Geopolitics, fragmentation and currencies
Geopolitical risk looks slightly lower than in previous years, but tensions in Ukraine and Venezuela, as well as political strain in France and uncertainty in Germany, continue to fragment the European landscape.
Globally, the financial decoupling between China and the United States will keep affecting demand for developed‑market sovereign bonds and support the renewed role of gold as a reserve asset.
In the currency market, the US dollar, which was heavily shorted in 2025, may reverse its trend and strengthen.
Weak growth, insane government spending, monetary expansion, and heavy public debt are driving inflationary pressure on assets and reducing potential economic growth - Daniel Lacalle
The DXY US dollar index closes 2025 above its 20‑year average and has held a stabilisation trend since June, helped by better-than-expected growth and deficit reduction.
The US dollar tends to strengthen for seven years after a year of weakness and continues to act as the global reserve fiat currency in a world of weakening state-issued currencies.
However, gold continues to be the preferred asset for many global central banks as all fiat currencies lose purchasing power.
Poor growth and a monetary tsunami mean that valuations and solid large-cap earnings will likely continue to support investment, without ignoring volatility and growing dispersion between winners and losers.
The strategy remains to stay with the winners, avoid sovereign debt, and use gold, silver and Bitcoin, volatility adjusted, to defend ourselves against the monetary inflation ahead.
Gold and silver, together with bitcoin—acknowledging its volatility—will continue to act as beneficial hedges against the erosion of fiat currencies’ purchasing power.
Central bank demand supports gold; industrial and technological uses support silver; and the search for a decentralised, non-sovereign asset may drive higher demand for bitcoin.

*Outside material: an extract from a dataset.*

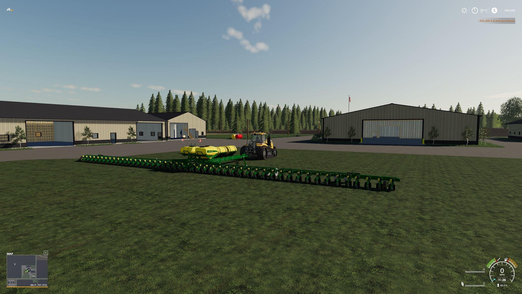 John Deere DB120 for FS 19 Required power: 325 hp Working width: 36 m Price: 472029 Euro Category: Planters

Geopolitical risk, persistent inflation, poor productivity and manufacturing growth, the end of sovereign debt as a reserve asset, fiscal challenges in developed nations, and the destruction of the middle class through monetary inflation remain the biggest concerns for investors.
The next year looks a lot like 2025. Weak growth, insane government spending, monetary expansion, and heavy public debt are driving inflationary pressure on assets and reducing potential economic growth.
The most important lesson: the only way to defend yourself against the irreversible decline of fiat money is to invest.